What to do - In the records below, the relevant part opens with the line containing "своя группа поддержки!" and closes with the line containing "Abb. (v. l."; print that part exactly and only, without its pictures.
• • • •
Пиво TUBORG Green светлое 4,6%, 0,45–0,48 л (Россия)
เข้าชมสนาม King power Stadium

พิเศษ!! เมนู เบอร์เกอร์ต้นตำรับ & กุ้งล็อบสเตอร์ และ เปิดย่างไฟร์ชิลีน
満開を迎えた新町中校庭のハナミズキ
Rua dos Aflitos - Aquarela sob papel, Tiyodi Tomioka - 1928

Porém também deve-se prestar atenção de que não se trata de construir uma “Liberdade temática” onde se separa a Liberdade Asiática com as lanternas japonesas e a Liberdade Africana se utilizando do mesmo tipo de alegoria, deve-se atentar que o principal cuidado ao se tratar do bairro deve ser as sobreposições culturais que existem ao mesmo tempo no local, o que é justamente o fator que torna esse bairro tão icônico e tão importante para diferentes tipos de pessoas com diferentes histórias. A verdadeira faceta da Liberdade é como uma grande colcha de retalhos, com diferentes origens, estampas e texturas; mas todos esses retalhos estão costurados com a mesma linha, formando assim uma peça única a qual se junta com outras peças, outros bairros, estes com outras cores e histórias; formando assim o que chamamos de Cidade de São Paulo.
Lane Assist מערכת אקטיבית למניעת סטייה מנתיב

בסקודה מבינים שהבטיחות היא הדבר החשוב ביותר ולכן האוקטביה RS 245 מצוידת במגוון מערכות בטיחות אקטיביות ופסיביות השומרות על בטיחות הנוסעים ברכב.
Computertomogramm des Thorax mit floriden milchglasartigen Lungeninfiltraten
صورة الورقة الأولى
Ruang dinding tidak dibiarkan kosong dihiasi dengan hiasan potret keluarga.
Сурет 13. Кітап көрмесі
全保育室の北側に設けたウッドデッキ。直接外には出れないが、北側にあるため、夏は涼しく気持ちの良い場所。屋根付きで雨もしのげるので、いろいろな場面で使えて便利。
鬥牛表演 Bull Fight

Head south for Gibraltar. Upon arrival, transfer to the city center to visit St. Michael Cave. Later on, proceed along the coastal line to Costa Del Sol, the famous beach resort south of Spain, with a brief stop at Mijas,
• • • •
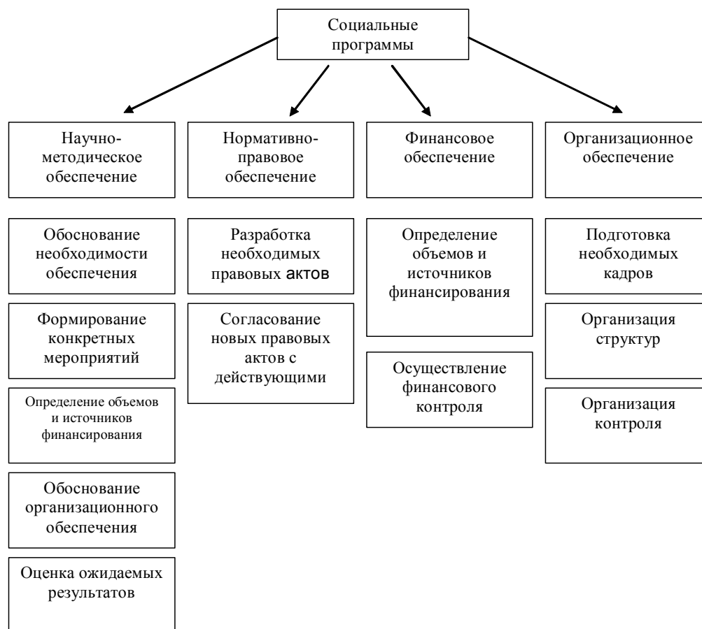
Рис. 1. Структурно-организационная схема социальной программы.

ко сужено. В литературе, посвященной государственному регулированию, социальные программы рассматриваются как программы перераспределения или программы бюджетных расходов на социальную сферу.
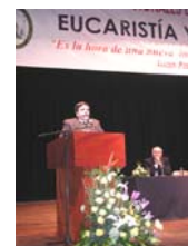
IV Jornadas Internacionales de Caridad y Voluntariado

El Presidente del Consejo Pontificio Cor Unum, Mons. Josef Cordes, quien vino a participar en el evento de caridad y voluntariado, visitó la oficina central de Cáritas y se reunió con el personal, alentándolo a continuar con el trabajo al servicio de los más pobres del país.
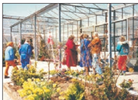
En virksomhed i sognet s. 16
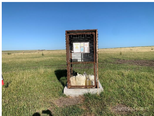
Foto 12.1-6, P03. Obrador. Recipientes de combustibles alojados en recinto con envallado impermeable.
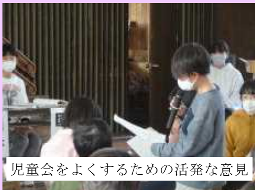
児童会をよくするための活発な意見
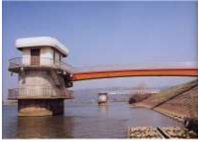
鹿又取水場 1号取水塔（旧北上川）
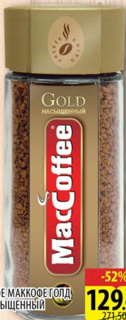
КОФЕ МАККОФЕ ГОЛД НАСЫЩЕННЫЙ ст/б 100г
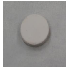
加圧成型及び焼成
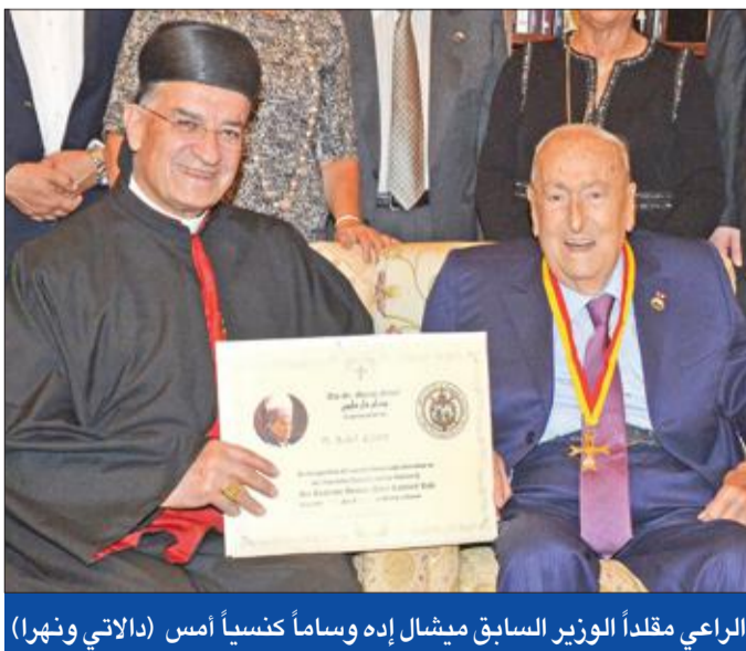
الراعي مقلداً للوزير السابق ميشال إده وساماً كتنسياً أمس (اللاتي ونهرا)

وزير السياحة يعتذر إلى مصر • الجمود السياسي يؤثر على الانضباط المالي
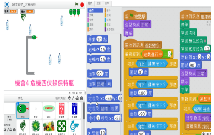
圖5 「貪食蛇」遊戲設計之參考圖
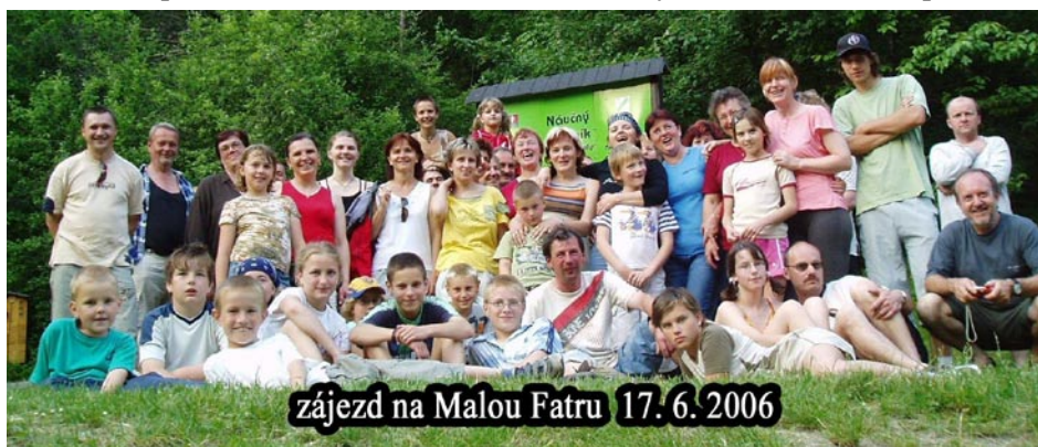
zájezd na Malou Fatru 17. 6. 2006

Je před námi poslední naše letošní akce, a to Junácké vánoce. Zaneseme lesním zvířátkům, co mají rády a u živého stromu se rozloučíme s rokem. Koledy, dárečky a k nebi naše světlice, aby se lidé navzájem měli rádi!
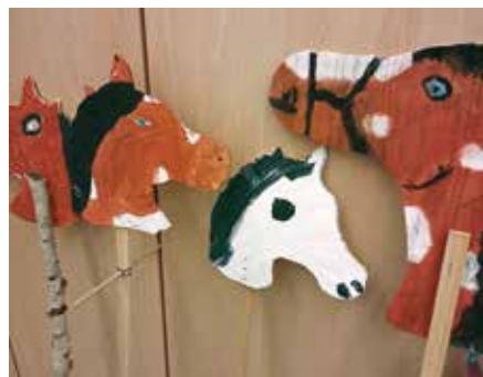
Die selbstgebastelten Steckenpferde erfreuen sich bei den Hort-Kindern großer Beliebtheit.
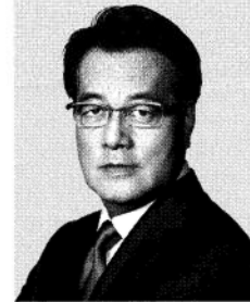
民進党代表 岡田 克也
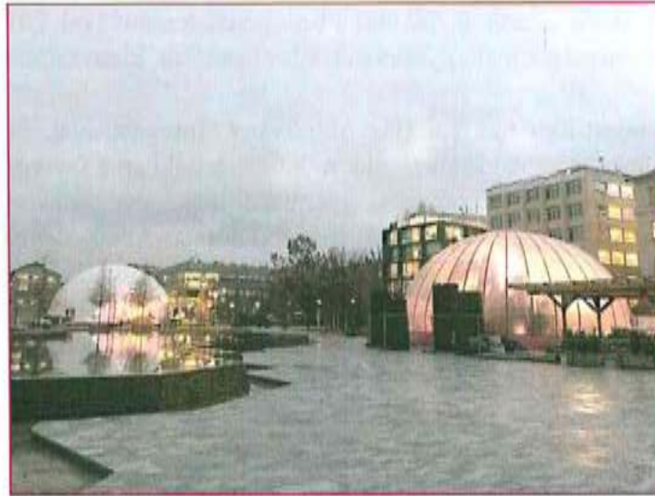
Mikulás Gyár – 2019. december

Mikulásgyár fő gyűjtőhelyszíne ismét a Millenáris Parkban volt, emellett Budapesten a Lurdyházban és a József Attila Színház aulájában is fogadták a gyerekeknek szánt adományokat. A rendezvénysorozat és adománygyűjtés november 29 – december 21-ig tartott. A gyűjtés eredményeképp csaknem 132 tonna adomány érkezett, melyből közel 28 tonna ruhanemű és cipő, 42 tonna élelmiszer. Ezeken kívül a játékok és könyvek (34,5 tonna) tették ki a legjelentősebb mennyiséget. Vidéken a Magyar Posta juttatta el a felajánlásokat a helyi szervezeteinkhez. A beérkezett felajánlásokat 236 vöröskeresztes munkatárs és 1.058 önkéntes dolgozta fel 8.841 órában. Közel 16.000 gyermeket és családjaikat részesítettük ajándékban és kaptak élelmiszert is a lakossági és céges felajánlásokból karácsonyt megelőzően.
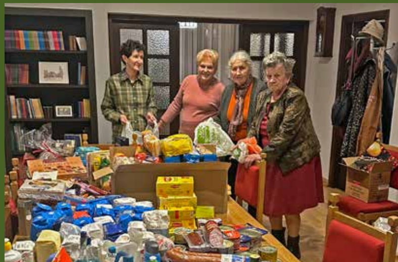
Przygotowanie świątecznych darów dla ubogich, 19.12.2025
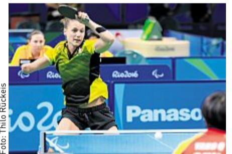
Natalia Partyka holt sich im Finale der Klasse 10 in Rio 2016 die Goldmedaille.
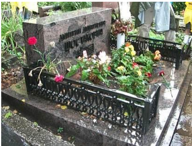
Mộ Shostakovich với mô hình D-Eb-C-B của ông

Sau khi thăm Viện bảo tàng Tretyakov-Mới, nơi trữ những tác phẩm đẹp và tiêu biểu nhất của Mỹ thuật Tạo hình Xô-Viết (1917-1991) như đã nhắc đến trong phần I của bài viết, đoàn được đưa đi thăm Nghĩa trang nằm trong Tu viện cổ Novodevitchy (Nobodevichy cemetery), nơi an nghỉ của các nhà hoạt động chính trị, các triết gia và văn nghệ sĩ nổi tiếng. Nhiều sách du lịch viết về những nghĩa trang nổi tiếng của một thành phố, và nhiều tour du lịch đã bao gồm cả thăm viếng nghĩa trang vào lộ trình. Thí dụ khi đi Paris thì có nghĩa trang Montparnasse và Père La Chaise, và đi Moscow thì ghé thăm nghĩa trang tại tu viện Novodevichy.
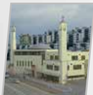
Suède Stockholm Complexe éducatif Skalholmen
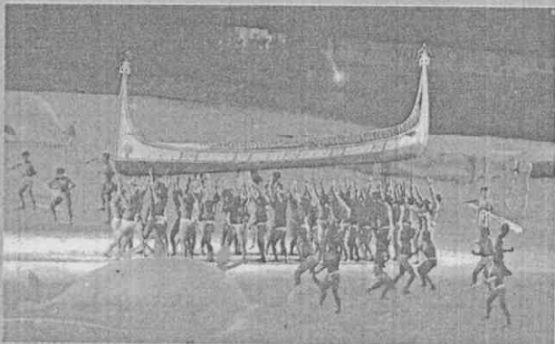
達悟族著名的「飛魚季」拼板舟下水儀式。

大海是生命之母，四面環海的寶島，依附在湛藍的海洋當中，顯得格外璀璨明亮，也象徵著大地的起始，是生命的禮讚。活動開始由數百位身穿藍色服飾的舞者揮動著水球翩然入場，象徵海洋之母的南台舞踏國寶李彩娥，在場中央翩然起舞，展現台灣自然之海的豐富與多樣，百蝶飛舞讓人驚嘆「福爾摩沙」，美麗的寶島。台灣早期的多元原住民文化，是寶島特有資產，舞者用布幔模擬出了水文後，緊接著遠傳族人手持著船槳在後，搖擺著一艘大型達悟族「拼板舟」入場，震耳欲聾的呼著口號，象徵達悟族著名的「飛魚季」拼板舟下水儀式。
• • • •
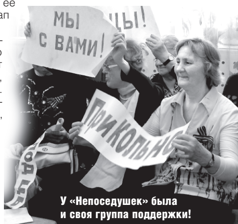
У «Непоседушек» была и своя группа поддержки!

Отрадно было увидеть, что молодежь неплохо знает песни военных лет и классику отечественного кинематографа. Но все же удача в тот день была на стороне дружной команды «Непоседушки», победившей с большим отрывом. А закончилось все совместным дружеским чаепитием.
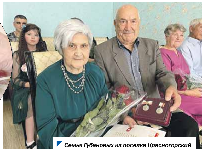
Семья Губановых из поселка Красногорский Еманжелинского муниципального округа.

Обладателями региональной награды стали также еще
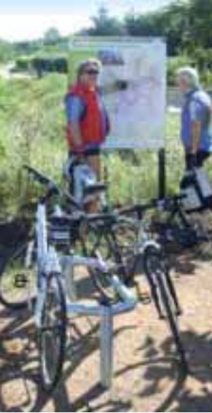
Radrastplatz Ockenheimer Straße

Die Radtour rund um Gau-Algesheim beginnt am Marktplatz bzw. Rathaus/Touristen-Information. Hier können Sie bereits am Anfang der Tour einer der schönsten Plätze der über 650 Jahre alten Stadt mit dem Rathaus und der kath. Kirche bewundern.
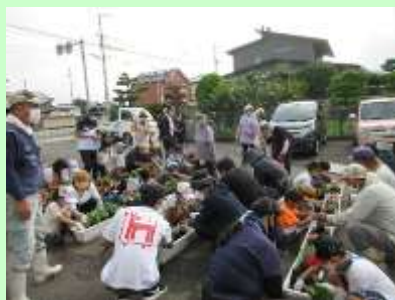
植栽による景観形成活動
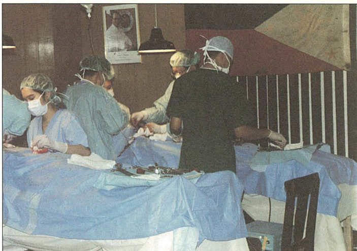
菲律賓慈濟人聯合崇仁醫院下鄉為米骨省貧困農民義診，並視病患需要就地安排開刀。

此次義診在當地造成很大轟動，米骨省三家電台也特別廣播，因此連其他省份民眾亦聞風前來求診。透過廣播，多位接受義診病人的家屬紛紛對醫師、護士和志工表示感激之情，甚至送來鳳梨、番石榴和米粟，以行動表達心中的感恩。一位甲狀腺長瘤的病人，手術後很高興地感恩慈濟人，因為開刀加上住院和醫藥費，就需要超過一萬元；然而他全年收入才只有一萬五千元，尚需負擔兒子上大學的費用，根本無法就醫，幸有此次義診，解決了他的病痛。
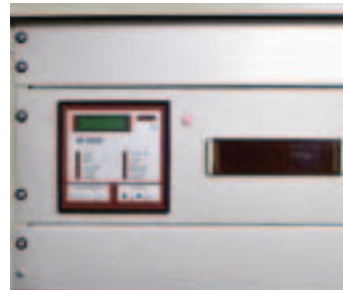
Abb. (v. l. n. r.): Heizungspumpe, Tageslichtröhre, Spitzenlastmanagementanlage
• • • •
Answer space -
У «Непоседушек» была и своя группа поддержки!

Отрадно было увидеть, что молодежь неплохо знает песни военных лет и классику отечественного кинематографа. Но все же удача в тот день была на стороне дружной команды «Непоседушки», победившей с большим отрывом. А закончилось все совместным дружеским чаепитием.
Семья Губановых из поселка Красногорский Еманжелинского муниципального округа.

Обладателями региональной награды стали также еще
Radrastplatz Ockenheimer Straße

Die Radtour rund um Gau-Algesheim beginnt am Marktplatz bzw. Rathaus/Touristen-Information. Hier können Sie bereits am Anfang der Tour einer der schönsten Plätze der über 650 Jahre alten Stadt mit dem Rathaus und der kath. Kirche bewundern.
植栽による景観形成活動
菲律賓慈濟人聯合崇仁醫院下鄉為米骨省貧困農民義診，並視病患需要就地安排開刀。

此次義診在當地造成很大轟動，米骨省三家電台也特別廣播，因此連其他省份民眾亦聞風前來求診。透過廣播，多位接受義診病人的家屬紛紛對醫師、護士和志工表示感激之情，甚至送來鳳梨、番石榴和米粟，以行動表達心中的感恩。一位甲狀腺長瘤的病人，手術後很高興地感恩慈濟人，因為開刀加上住院和醫藥費，就需要超過一萬元；然而他全年收入才只有一萬五千元，尚需負擔兒子上大學的費用，根本無法就醫，幸有此次義診，解決了他的病痛。
Abb. (v. l. n. r.): Heizungspumpe, Tageslichtröhre, Spitzenlastmanagementanlage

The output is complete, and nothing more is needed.